IRS officials have told The Hill in the past it is usually the U.S. that effectively exports its tax structures abroad through policy adoption by other countries, rather than taking cues from multilateral agreements, which are then harmonized to national laws.
While Republicans appear to be leaving further modification of the U.S. corporate minimum tax to the regulatory level for now, they did provide a specially tailored revision to the law itself to exempt oil and gas companies in the tax and spending bill passed over the summer.
That provision changed the CAMT by allowing “intangible drilling and development costs” into income calculations accepted by the IRS. The law mirrored legislation put forward by Sen. James Lankford (R-Okla.), who said earlier this year he was trying to get the industry some “relief.”
“We need to be able to get some relief to them so they’re not constantly worried about it,” Lankford told CNBC.

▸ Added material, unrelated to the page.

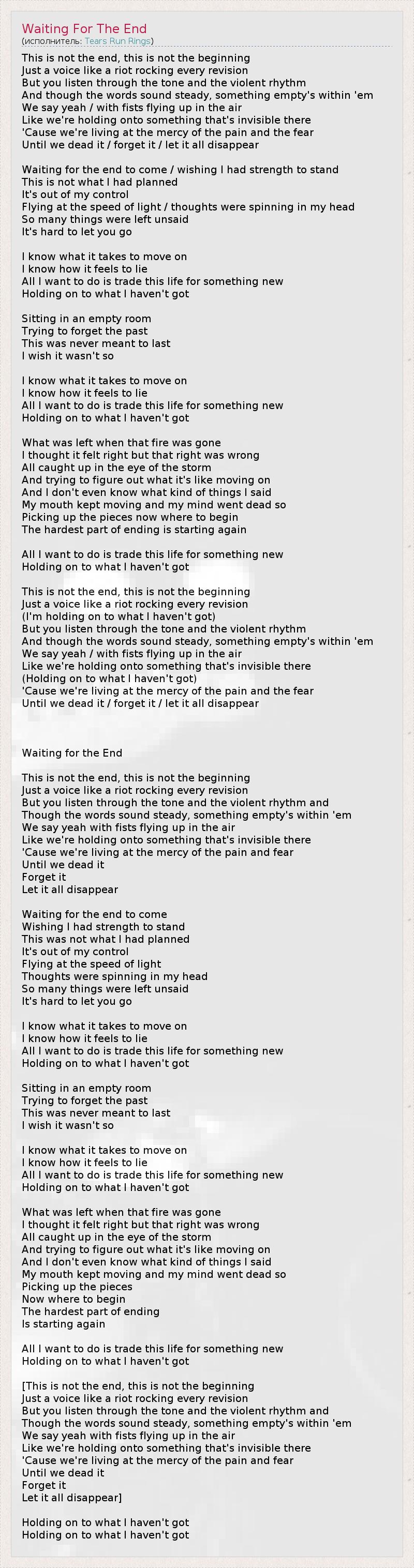 А как ты думаешь, о чем песня "Waiting For The End" ?

If countries lose interest in the OECD as a forum for international agreement on minimum business taxation, it could open up a floodgate of big tech taxes, which were the original motivation for increased tax coordination across international borders.
Big tech platforms operate globally while being mostly headquartered in the U.S., leaving them exempt from traditional forms of consumption taxes. Such tech taxes, often called “digital services taxes,” could resemble the one Canada recently put in place and then yanked as part of trade talks with the U.S.
Tax advocates say the stalling out of the OECD process could spur a rival initiative at the United Nations.
“Trump’s tax grab bolsters the UN convention negotiations,” a brief from the Tax Justice Network argued earlier this year, saying the foreign capital tax initially included in the tax bill would undermine “countries’ tax sovereignty.”